Subjects enrolled in the present study showed, overall, an adequate compliance to Mediterranean diet. Nevertheless, obese patients had a slightly but still lower adherence to Mediterranean diet, while subjects less compliant to Mediterranean diet consumed more ‘junk food’. Of note, subjects with inadequate adherence to Mediterranean diet had slightly but significantly increased small intestinal permeability. Changes were limited to the small intestine and might reflect dietary-microbiome-driven changes, without a clear effect on stomach and colonic permeability.

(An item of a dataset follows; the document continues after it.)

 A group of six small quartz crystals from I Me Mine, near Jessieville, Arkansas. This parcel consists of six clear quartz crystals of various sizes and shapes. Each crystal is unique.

These observations require larger and prospective studies to discern the role of Mediterranean Diet on the prevention and management of metabolic and associated diseases [90,91]. Furthermore, the questionnaire we used in our study was aimed to assess the timing but not the load (i.e., intensity and volume) of exercise performance in our subjects. This aspect should be relevant [22], and needs further exploration in order to provide a comprehensive picture about the relationships between exercise intensity, gastrointestinal permeability, and metabolic disorders [89].

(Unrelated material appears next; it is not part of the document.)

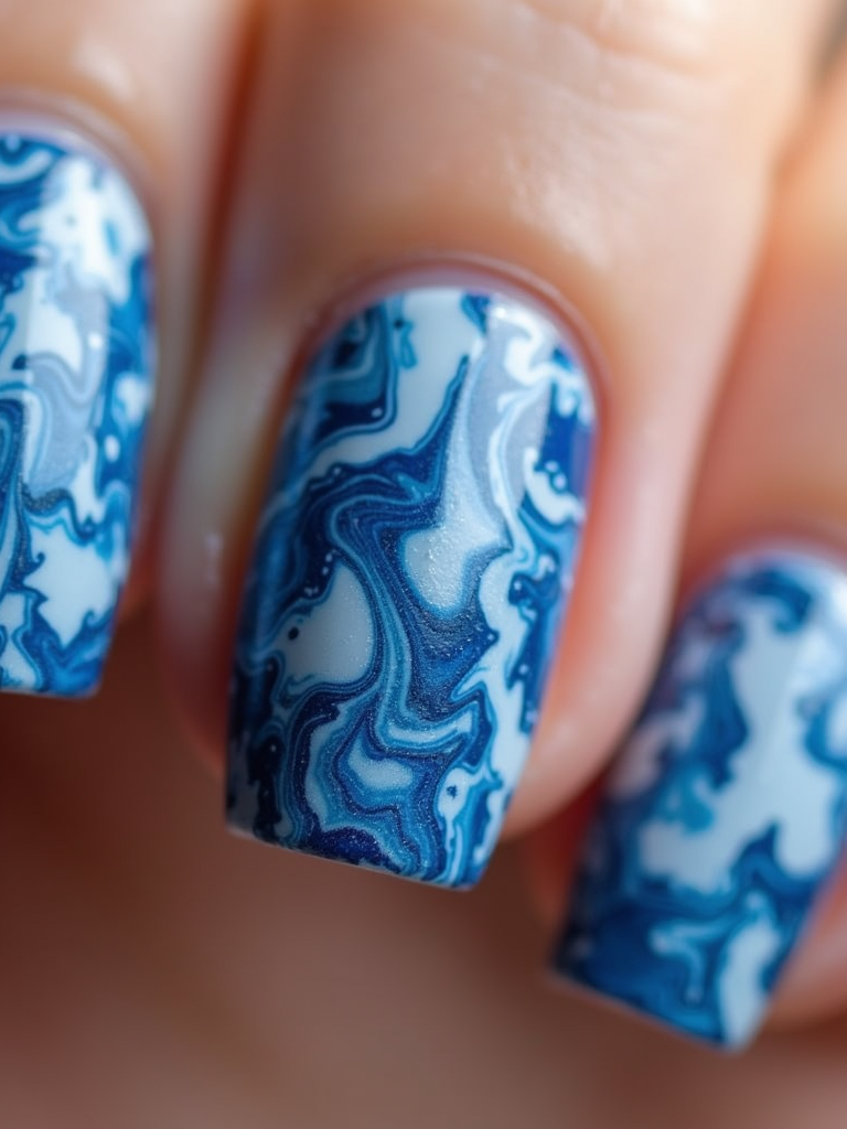 marble effect nails in blue and white, luxury nail spa vibe, macro shot, detailed swirling texture, artistic styling

Further studies also urge to evaluate the role of the gut microbiota on the intestinal permeability to allow both primary prevention measures and new therapeutic strategies in metabolic and liver diseases.

5. Conclusions

In conclusion, results from the present study highlight the existence of an association between colonic (but not stomach and small intestinal) permeability, obesity, and liver steatosis. This link could be independent from dietary models, age, and physical activity, although the exact role of these last factors still needs to be better determined in larger populations and by specific study designs. Further studies must evaluate the possibility of modulating colonic permeability to allow both primary prevention measures and new therapeutic strategies in metabolic and liver diseases.